The corruption seems very conscious of the culture it’s in, and very personified; there’s some explicit refutation of Catholicism from the people affected, a couple of times when someone says “I didn’t do X, it was it, the evil thing inside me”. And that honestly seems like a weak point; it left me wondering why it’d bother, why a force that is presented as being of such indifferent power and cancerous effect (even the deliquiescing crosses can be seen as something that happens without the Colour making a point about Christianity) would bother to have people getting stabby.

That really seems like the biggest weak point, though, and it’s not a huge one. Overall, well worth watching.

[1] There’s usually one that everyone with a passing interest in the genre will have at least heard of on compilation DVDs, and the rest are what I am going to charitably call a grab bag. F’r ex, on the 10-movie Werewolves, Vampires, & Zombies DVD compilation, you have the 1973 The Satanic Rites of Dracula with Christopher Lee. (I don’t think this applies to DVDs with paired movies nearly as well. But you get three or more movies in the DVD case?
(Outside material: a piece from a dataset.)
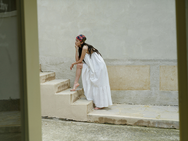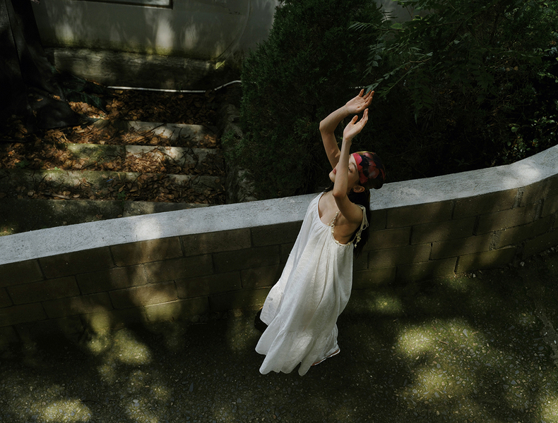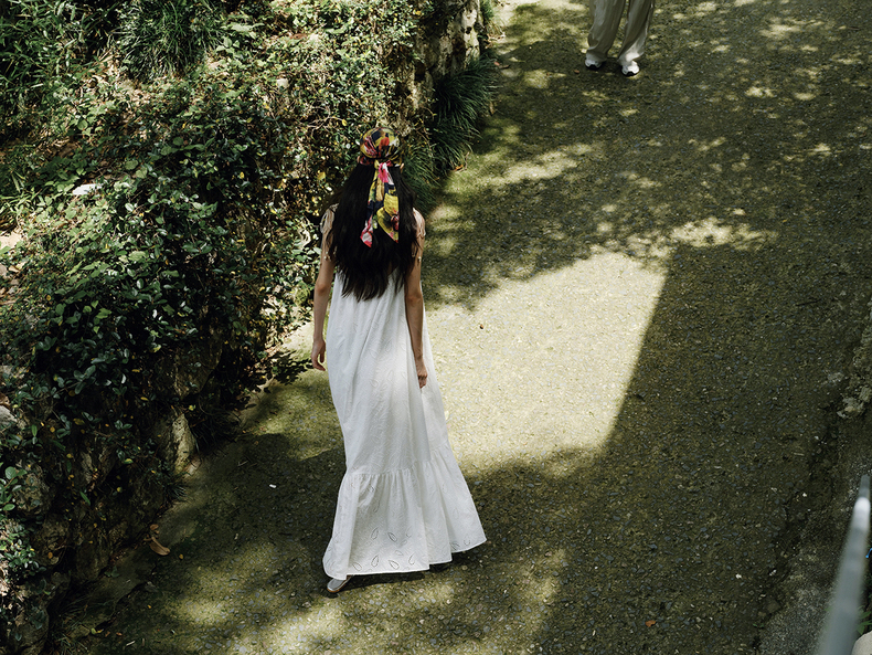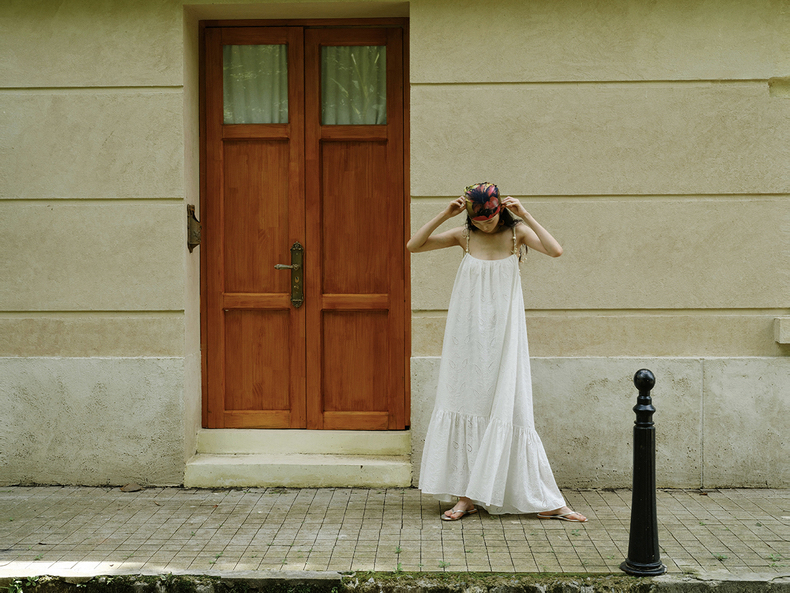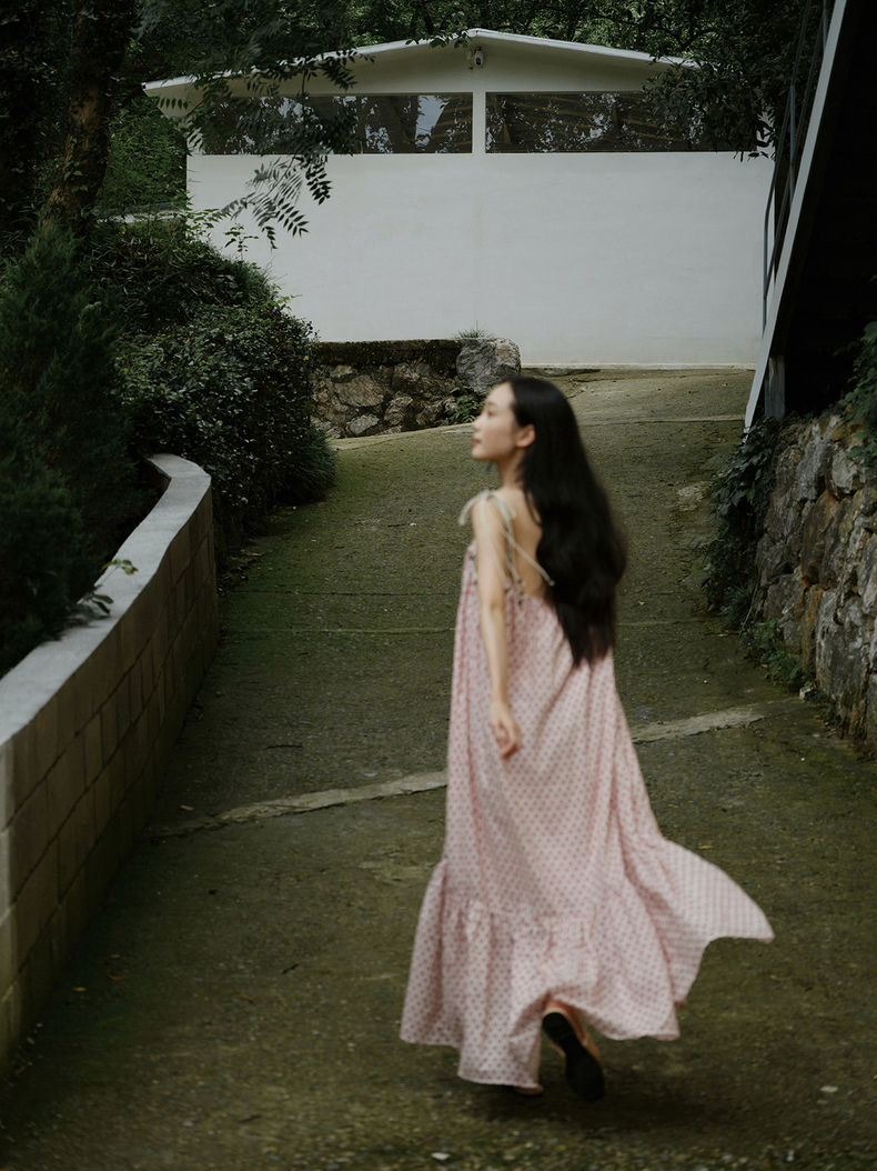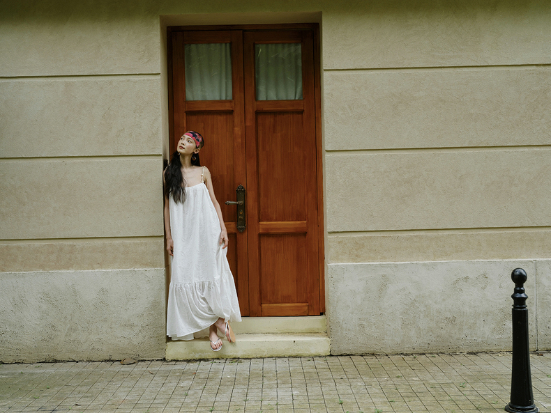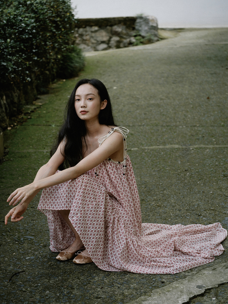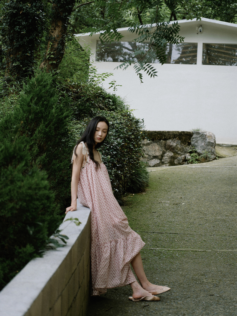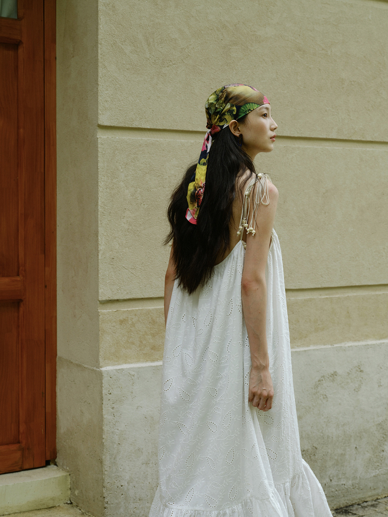 [特价] 夏日都市 手工编织串珠吊带 浪漫阔摆印花氛围感连衣裙 腰果刺绣白/印花铁锈红 100%棉

Ohyes.)
[2] It’s not the most memorable thing about the movie, but I confess that what always first springs to mind about The Curse is the fact that Lucio Fulchi was credited Louis. WTH.

One thought on “In which I am pleasantly surprised”

  1. The Color of Space sounds interesting. I’ll check it out. I don’t know what a force would think, but very religious screenwriters, like very religious people in general, often appear to have a somewhat grandiose visions of themselves in this world. To each their own.